Consider this; the parents of adult children own and operate a farm which has been in their family for generations. Of their four children, only one has stayed to work on the farm, which he has now done for ten years, on a minimal salary. The parents are now approaching retirement. They want to continue living on the farm, and continue having input in any farm decisions.
They also need to think about what they will live on during their retirement. If they transfer ownership of the farm to their children, how do they strike the best balance for themselves, the son who has worked hard on the farm, and the children who have not?
Does the farm earn enough income to support two generations living there? Are there debts?
Farm succession planning helps to resolve these issues. It’s not easy. But it is a process that allows everyone to have complete clarity about the ownership and operation of the family farm. It removes the uncertainty.
Planning for the transfer of a farm before your hand is forced, such as the death of a parent, is important. Unlike a will, which can be disputed, a written farm succession plan means things are clear to everyone from an early stage.
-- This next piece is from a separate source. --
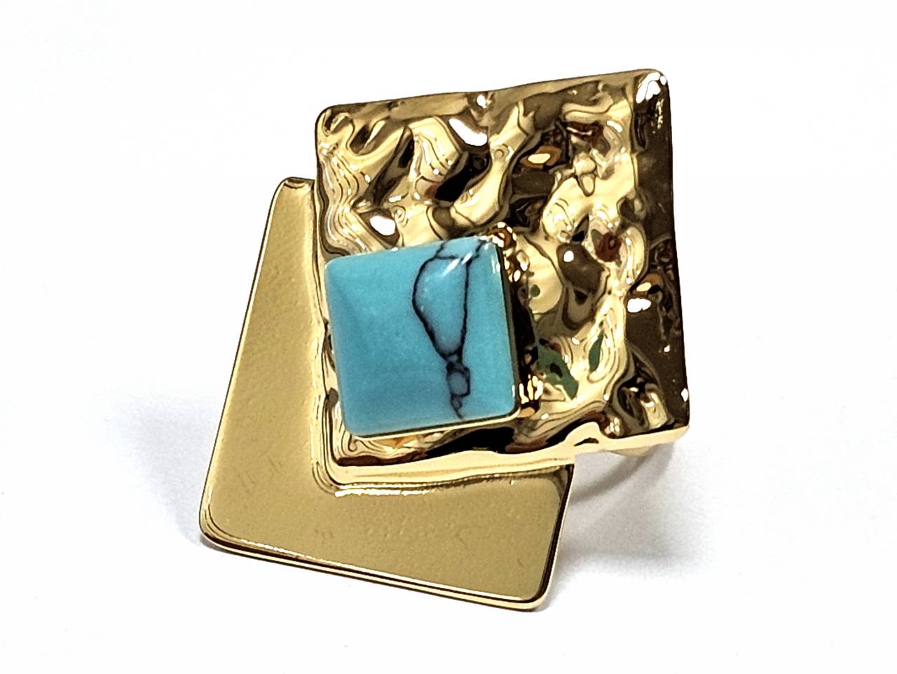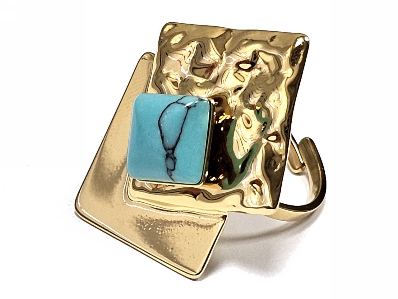 Δαχτυλίδι Πέτρα 316L, με τυρκουάζ σε χρώμα Χρυσαφί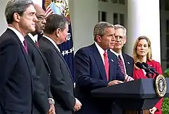 President George W. Bush nominated Mueller for the position of FBI director on July 5, 2001.[38] He and two other candidates, Washington lawyer George J. Terwilliger III and veteran Chicago prosecutor and white-collar crime defense lawyer Dan Webb, were up for the job, but Mueller, described at the time as a conservative Republican,[39][40] was always considered the front-runner. Terwilliger and Webb both pulled out from consideration around mid-June, while confirmation hearings for Mueller before the Senate Judiciary Committee were quickly set for July 30, only three days before his prostate cancer surgery.[41][42]

The idea is that all relevant family members sit down and plan for the future. They consider issues like the value of the property, its income and debts, retirement plans, whether any children work on the farm, and their future plans. A succession plan is then devised based on that family’s unique situation. For example, a ten year plan may slowly give ownership to the children, with a larger stake going to the son working on the farm.
A lawyer specialising in wealth protection will be able to give advice on ways to transfer the farm to the children without attracting stamp duty.
Failing to plan ahead could mean having to sell when times get tough. With produce prices currently going down, there is real financial pressure for families reliant on the farm’s income to service its debts. And while selling in today’s healthy property market may remove debt, and even result in a large financial gain, losing a farm that has been in the family for generations can be devastating.
As there is no one-size-fits-all plan – getting expert advice is important.